The MBA Oath, an affirmation of ethical business behavior, was created by two professors at Harvard Business School, Nitin Nohria (who has since been named HBS dean) and Rakesh Khurana. But even before the oath had been accepted nation-wide as the MBA graduation creed, other schools had instituted their own pledges (including honor codes at the Thunderbird School of Management and Columbia Business School).

The MBA Oath is to attempts “to create…a value system for business—to turn management into a profession with aims beyond simply keeping share prices high."

Critics of such a creed say the oath is just "fuzzy thinking." In order to grow the economy, they say, businesspeople need to keep their eyes on the prize—keeping share prices high is what serves the greater good ultimately (at least economically). Articulating ethical standards is not only ineffective, but may even serve as an obstacle.

The supporters of the oath point to the Hippocratic Oath for support. This code of professional conduct provides the power to shape and form ethical behavior in the medical field. Since the beginning of time people and institutions have developed—and then clung to—verbal oaths and codes to prevent the breaking of boundaries from becoming a common or accepted occurrence. Some believe that the simple act of taking an oath—not to mention ceremonializing it—is enough to reinforce the values reflected in the oath.

That being said, nobody is so naïve as to believe that an oath alone will fix all of the ethical problems that business faces. Instead, MBA Oath supporters "see it as a first step in the larger project of 'professionalizing' the practice of management—turning it into a field, like law or architecture, whose practitioners are united not only specialized knowledge buy a shared set of values beyond personal enrichment."

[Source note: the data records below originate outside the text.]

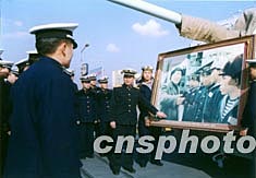 毛澤東于1953年2月19日首次視察解放軍海軍部隊,在武漢登上“洛陽”艦和該艦官兵一起航行,并揮毫題詞:“為了反對帝國主義的侵略,我們一定要建立強大的海軍”!奥尻枴迸灩俦12月20日在毛主席與“洛陽”艦官兵交談的巨幅照片前重溫領(lǐng)袖題詞,紀(jì)念毛澤東誕辰110周年。作者:毛昭勝
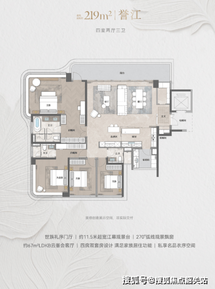 【誉江】建面约219㎡四室两厅三卫:超大面积,适合大家庭或追求奢华生活的家庭。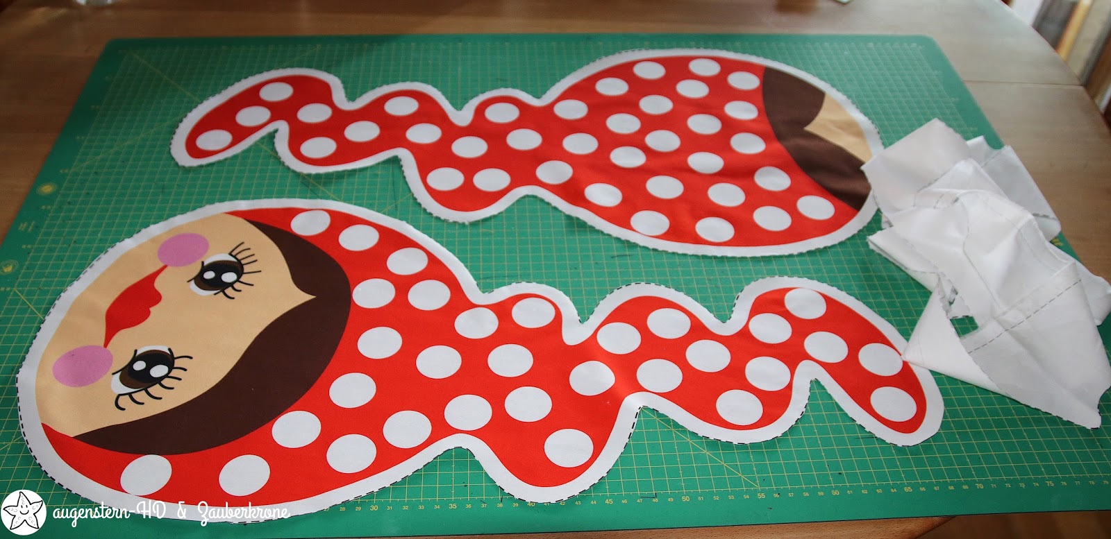 Doch ganz schnell war die Missi zusammengenäht. Aber ganz fertig war sie dann doch noch nicht. Ganz schlaff und schlapp sah sie ohne Füllwatte aus.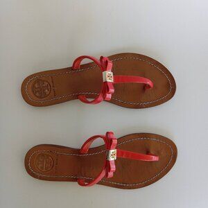 Tory Burch Flat Patent Leather Thong Sandals Women Flip Flop Orange Logo US 7.5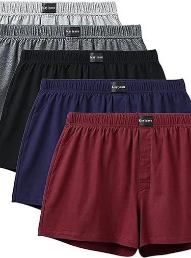 柔らかく伸縮性に優れたKayiyasuニットトランクス。95%綿で通気性・吸汗性・速乾性に優れ、前開きボタン付きで快適。3枚/5枚セットで幅広いサイズ展開、日常使いに最適。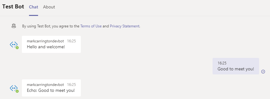 That’s enough for today, next time I’ll take a look at how I can get my bot to push out messages to Teams rather than just respond when the user sends a message.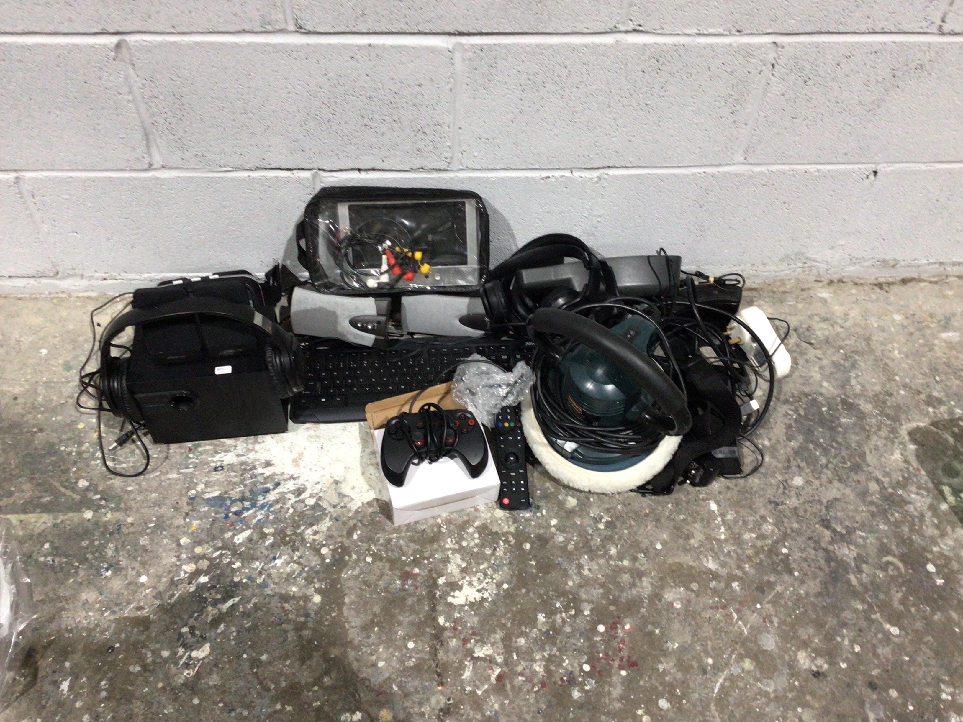 A varied collection of contemporary electronic accessories and a single power tool, primarily constructed from plastic and metal. The lot includes a portable screen or monitor housed in a black soft case, a pair of grey and black computer speakers, a black computer keyboard, a pair of black over-ear headphones, a black wired gaming controller with red joystick accents, and a black remote control. Also present is a dark green orbital polisher or sander, clearly marked “BOSCH” on its side, with a white polishing pad and coiled power cord. The collection further comprises numerous tangled cables, various power adapters, and a white multi-socket extension lead branded “MASTERPLUG.”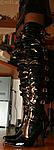 This beautiful mature shemale is posing on the toilet in a sexy latex corset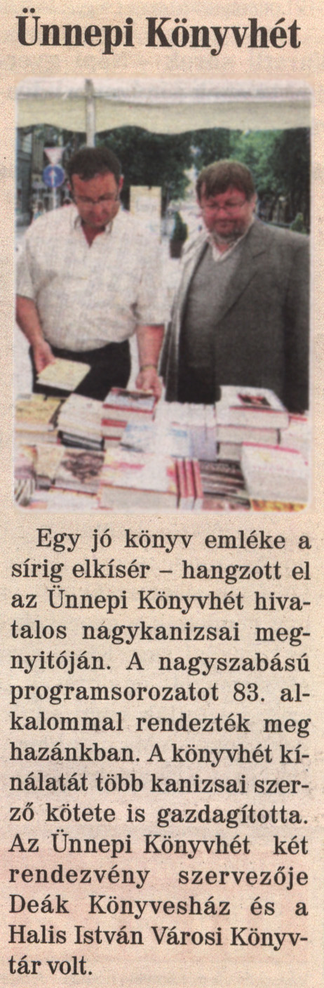 Nyilvános 1889 | 5027 | Nagykanizsai Maraton 2012. június 15. 23. szám 1. oldal - Ünnepi Könyvhét | Ünnepi Könyvhét Egy jó könyv emléke a sírig elkísér - hangzott el az Ünnepi Könyvhét hivatalos nagykanizsai megnyitóján. A nagyszabású programsorozatot 83. alkalommal rendezték meg hazánkban. A könyvhét kínálatát több kanizsai szerző kötete is gazdagította. Az Ünnepi Könyvhét két rendezvény szervezője Deák Könyvesház és a Halis István Városi Könyvtár volt. |

The MBA Oath (the most popular of the b-school honor codes) has made an international impact: The United Nations and the World Economic Forum are working with some HBS graduates to create "The Oath Project," a website that currently has 2,800 pledges from b-school students around the world.

Not all b-school graduates sign the MBA Oath. The question is still out—what will putting people before profit motives do to the field of business and to the economy? Thinking beyond profits is nice, and maybe even essential, but is it good for business?